Given material below:

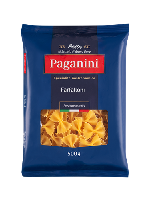 Massa elaborada com sêmola de grano duro, em formato de gravata borboleta, excelente para saladas, molhos leves e delicados. Um dos cortes mais tradicionais da Itália.<br /> Paganini<br /> Nosso slogan é Specialitá Gastronômica, mas a verdadeira specialitá da Paganini é aquela inerente à culinária italiana e que a faz ser a mais bem aceita em todas as partes do globo: a capacidade de absorver sabores e ingredientes de outros países se tornando ainda mais deliciosa do que já é. Nossos produtos possuem apelo universal. Detêm o poder de aglutinar culturas, reunir famílias, celebrar acontecimentos importantes. E todo chef, dona de casa ou apreciador da boa mesa é capaz de aprimorar nossos produtos dando seu próprio toque pessoal e artístico. Mais do que se adaptar a incontáveis culturas, as massas Paganini se incrementam e tomam características peculiares e únicas em cada cozinha na qual adentram. Somos praticamente uma tela esperando pelas cores gustativas de cada chef, seja ele profissional ou amador, gênio ou aventureiro, gourmet ou leigo na arte da gastronomia. Produtos 100% fabricados na Itália, com alto padrão de qualidade, com portfólio de: massas, molhos e atomatados, antepastos, arroz, azeites, alcachofras, tomate seco e cereja entre outros, garantindo ótimas receitas.<br /> <br /> Validade: 30/11/2023
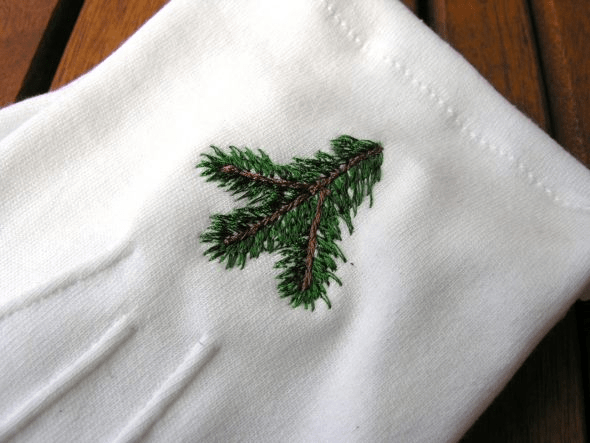 Myslivecké rukavice s vyšitým smrkovým jehličím - bavlněné 2
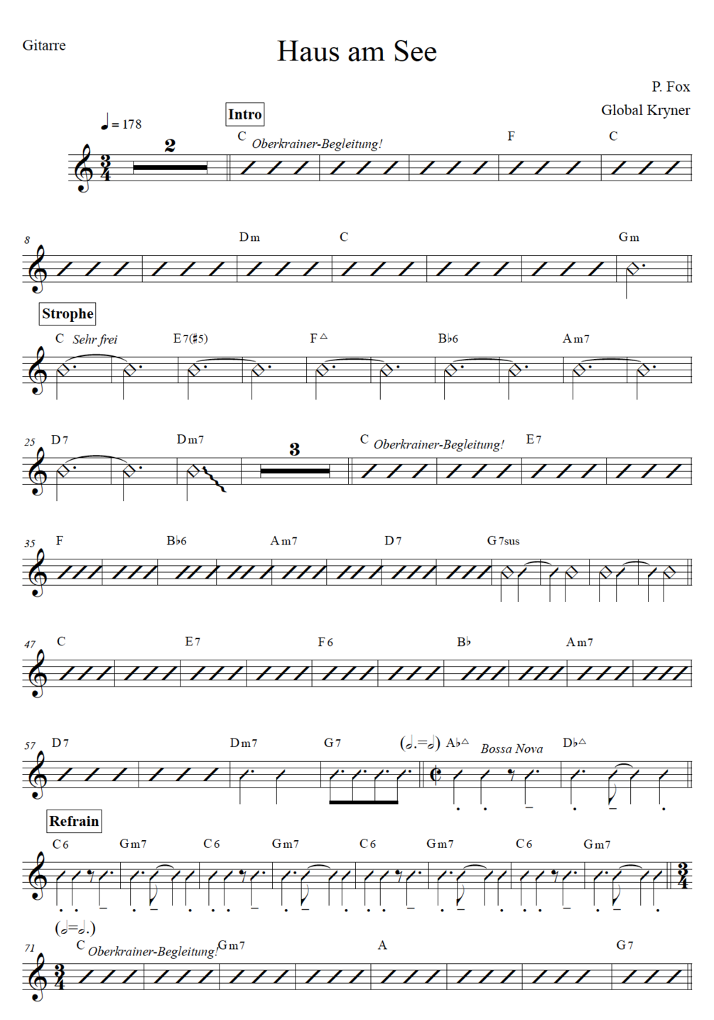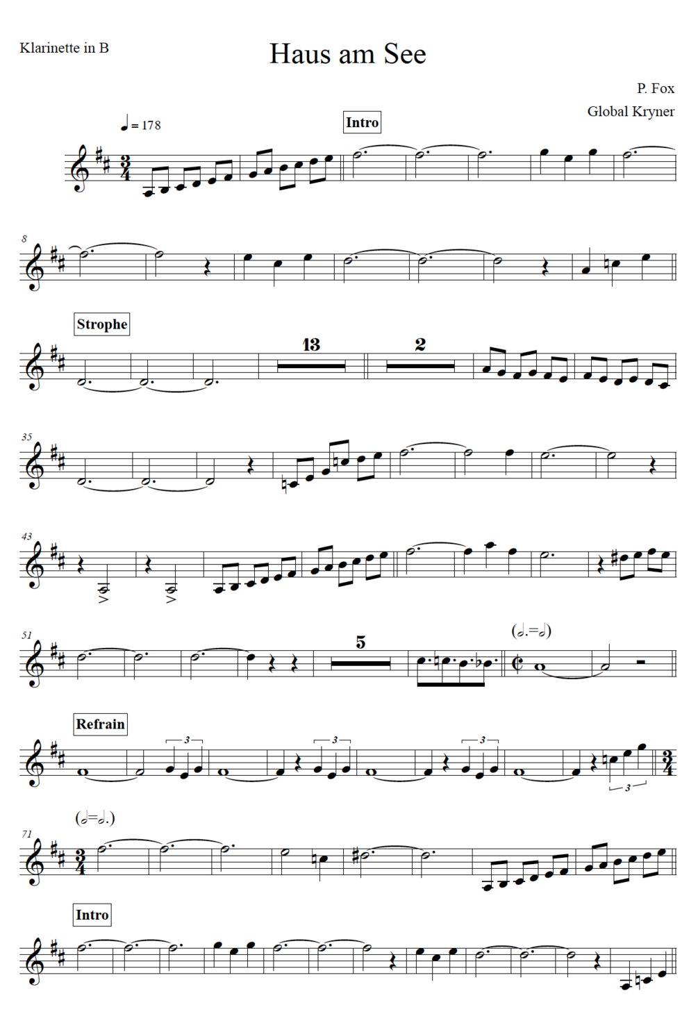 "Haus am See" as played by Global Kryner. Each package consists of 6 individual parts (vocals, trumpet, clarinet, accordion, guitar, trombone), lyrics, cover and the entire score!
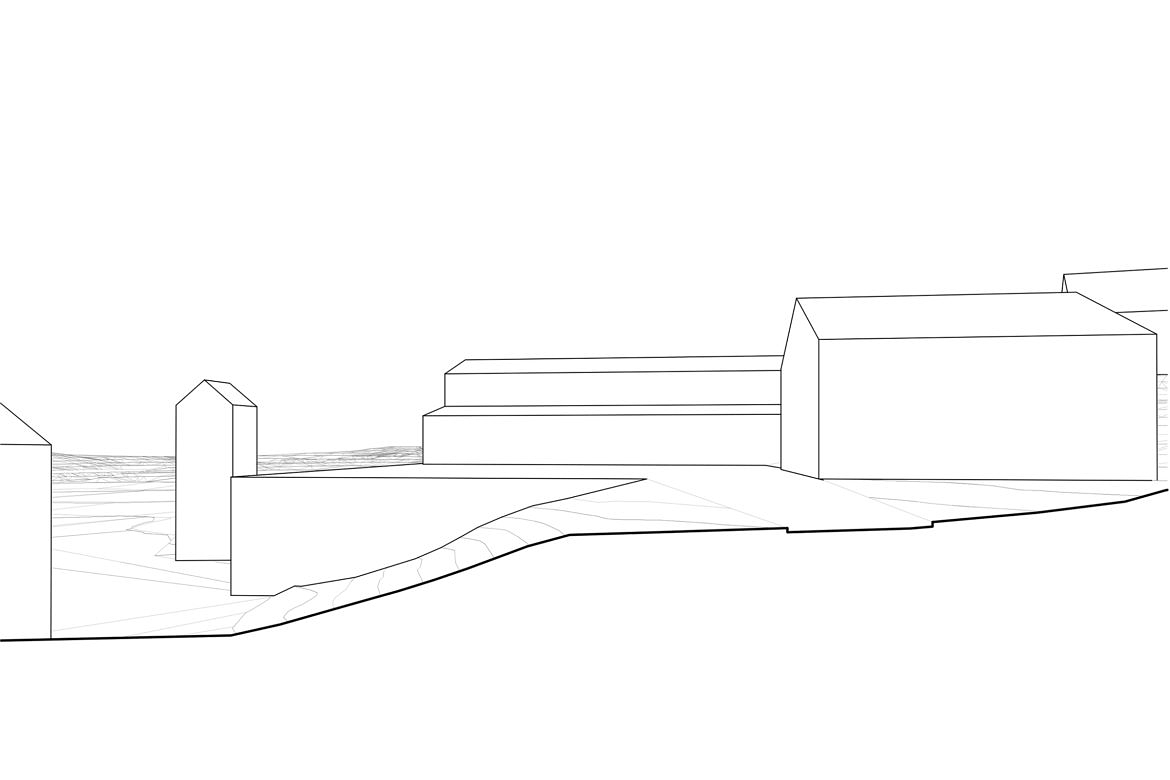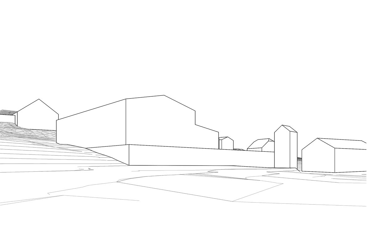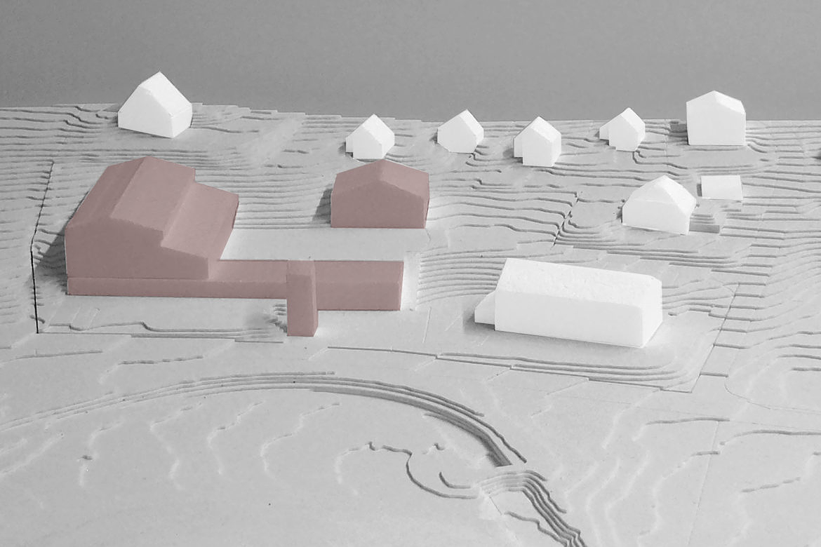 Die Erweiterung des bestehenden Werkhof- und Feuerwehrgebäudes im Sockelgeschoss stärkt deren Präsenz zur Kantonsstrasse. Die Neubauten für die Mehrzweckhalle und die Gemeindeverwaltung sind als solitäre Bauten von der Strasse zurückversetzt, aber bedingt durch die topografische Ausgangslage präsent situiert. Das Neubauvolumen der Mehrzweckhalle schafft einen klaren Abschluss vom Siedlungs- zum Landschaftsraum, seine Dimension signalisiert die öffentliche Nutzung. Die beiden in der Höhe differenzierten Neubauvolumen schaffen einen grosszügigen, öffentlichen Vorbereich mit Sichtbezügen in den Landschaftsraum. Schrägdächer führen die ortstypische Dachform weiter. Die Gesamtanlage mit dem zentralen Gemeindeplatz bildet eine atmosphärische Einheit mit einem hohen Mass an Identität. Die klare Gestaltung der Umgebungsfläche wertet die Zugangssituation auf.

End of Given material.

- Required action -
None of the pictures should be reproduced; all other material above must be set down exactly.

- Answer space -
 Massa elaborada com sêmola de grano duro, em formato de gravata borboleta, excelente para saladas, molhos leves e delicados. Um dos cortes mais tradicionais da Itália.<br /> Paganini<br /> Nosso slogan é Specialitá Gastronômica, mas a verdadeira specialitá da Paganini é aquela inerente à culinária italiana e que a faz ser a mais bem aceita em todas as partes do globo: a capacidade de absorver sabores e ingredientes de outros países se tornando ainda mais deliciosa do que já é. Nossos produtos possuem apelo universal. Detêm o poder de aglutinar culturas, reunir famílias, celebrar acontecimentos importantes. E todo chef, dona de casa ou apreciador da boa mesa é capaz de aprimorar nossos produtos dando seu próprio toque pessoal e artístico. Mais do que se adaptar a incontáveis culturas, as massas Paganini se incrementam e tomam características peculiares e únicas em cada cozinha na qual adentram. Somos praticamente uma tela esperando pelas cores gustativas de cada chef, seja ele profissional ou amador, gênio ou aventureiro, gourmet ou leigo na arte da gastronomia. Produtos 100% fabricados na Itália, com alto padrão de qualidade, com portfólio de: massas, molhos e atomatados, antepastos, arroz, azeites, alcachofras, tomate seco e cereja entre outros, garantindo ótimas receitas.<br /> <br /> Validade: 30/11/2023
 Myslivecké rukavice s vyšitým smrkovým jehličím - bavlněné 2
 "Haus am See" as played by Global Kryner. Each package consists of 6 individual parts (vocals, trumpet, clarinet, accordion, guitar, trombone), lyrics, cover and the entire score!
 Die Erweiterung des bestehenden Werkhof- und Feuerwehrgebäudes im Sockelgeschoss stärkt deren Präsenz zur Kantonsstrasse. Die Neubauten für die Mehrzweckhalle und die Gemeindeverwaltung sind als solitäre Bauten von der Strasse zurückversetzt, aber bedingt durch die topografische Ausgangslage präsent situiert. Das Neubauvolumen der Mehrzweckhalle schafft einen klaren Abschluss vom Siedlungs- zum Landschaftsraum, seine Dimension signalisiert die öffentliche Nutzung. Die beiden in der Höhe differenzierten Neubauvolumen schaffen einen grosszügigen, öffentlichen Vorbereich mit Sichtbezügen in den Landschaftsraum. Schrägdächer führen die ortstypische Dachform weiter. Die Gesamtanlage mit dem zentralen Gemeindeplatz bildet eine atmosphärische Einheit mit einem hohen Mass an Identität. Die klare Gestaltung der Umgebungsfläche wertet die Zugangssituation auf.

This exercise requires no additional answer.